**AIM OF THE TASK**. No pictures should appear in the copy. Reproduce exactly the lines from the one containing "وزارة التربية الوطنية" through the end of the material below.

**INFORMATION SHOWN**.

★ ★ ★ ★ ★ ★ ★

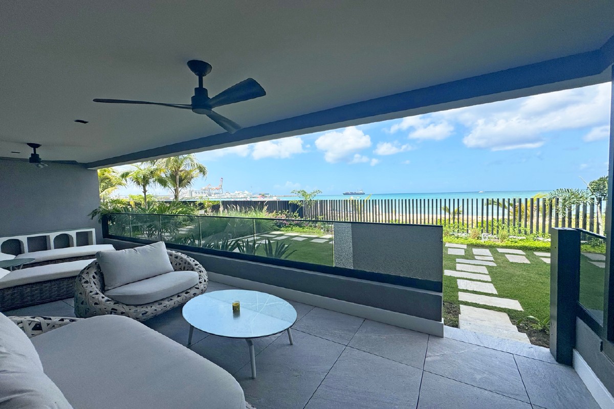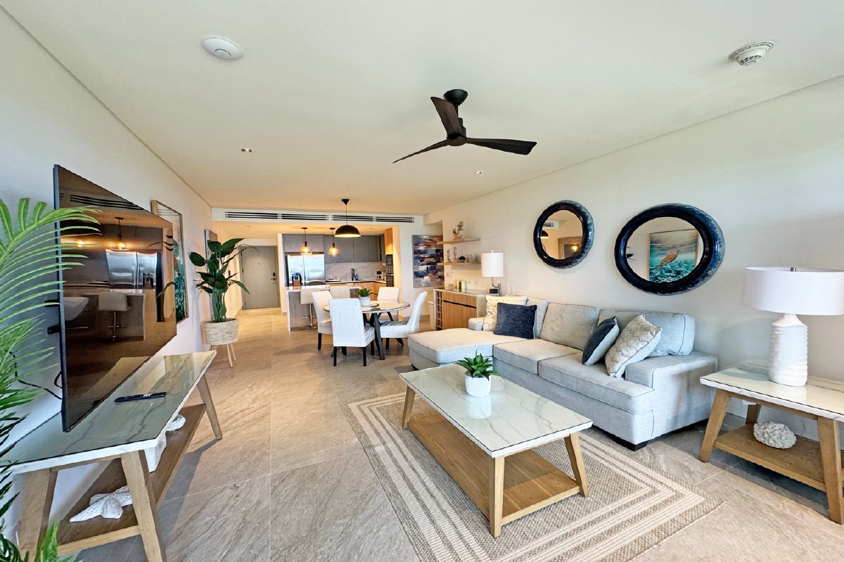 Enjoy open-plan living with high ceilings, floor-to-ceiling Low E glass, and a seamless flow to a spacious patio that captures pristine sea views. The master bedroom opens onto the terrace with direct sea views, while the sleek kitchen is outfitted with quality appliances.
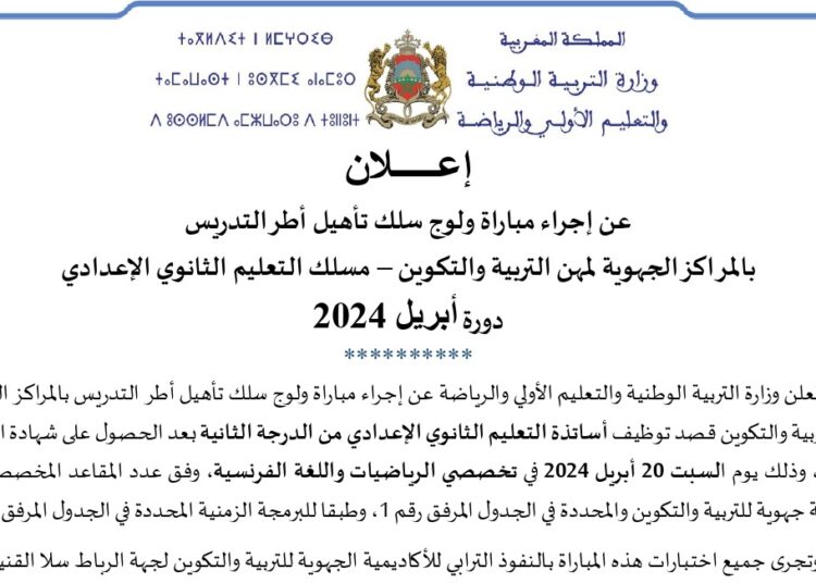 وزارة التربية الوطنية والتعليم الأولي والرياضة: مباراة توظيف 1593 أستاذ التعليم الثانوي الإعدادي يعتبر آخر أجل للترشيح هو 12 ابريل 2024.
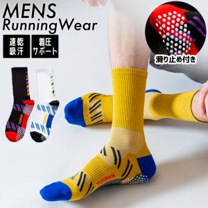 ランニングソックス 2足セット ミディアム丈 コンプレッション設計 滑り止めゴム付き 通気性メッシュ 靴ズレ予防 メンズ レディース スポーツソックス

★ ★ ★ ★ ★ ★ ★

**ANSWER TO THE EXERCISE**.
 وزارة التربية الوطنية والتعليم الأولي والرياضة: مباراة توظيف 1593 أستاذ التعليم الثانوي الإعدادي يعتبر آخر أجل للترشيح هو 12 ابريل 2024.
 ランニングソックス 2足セット ミディアム丈 コンプレッション設計 滑り止めゴム付き 通気性メッシュ 靴ズレ予防 メンズ レディース スポーツソックス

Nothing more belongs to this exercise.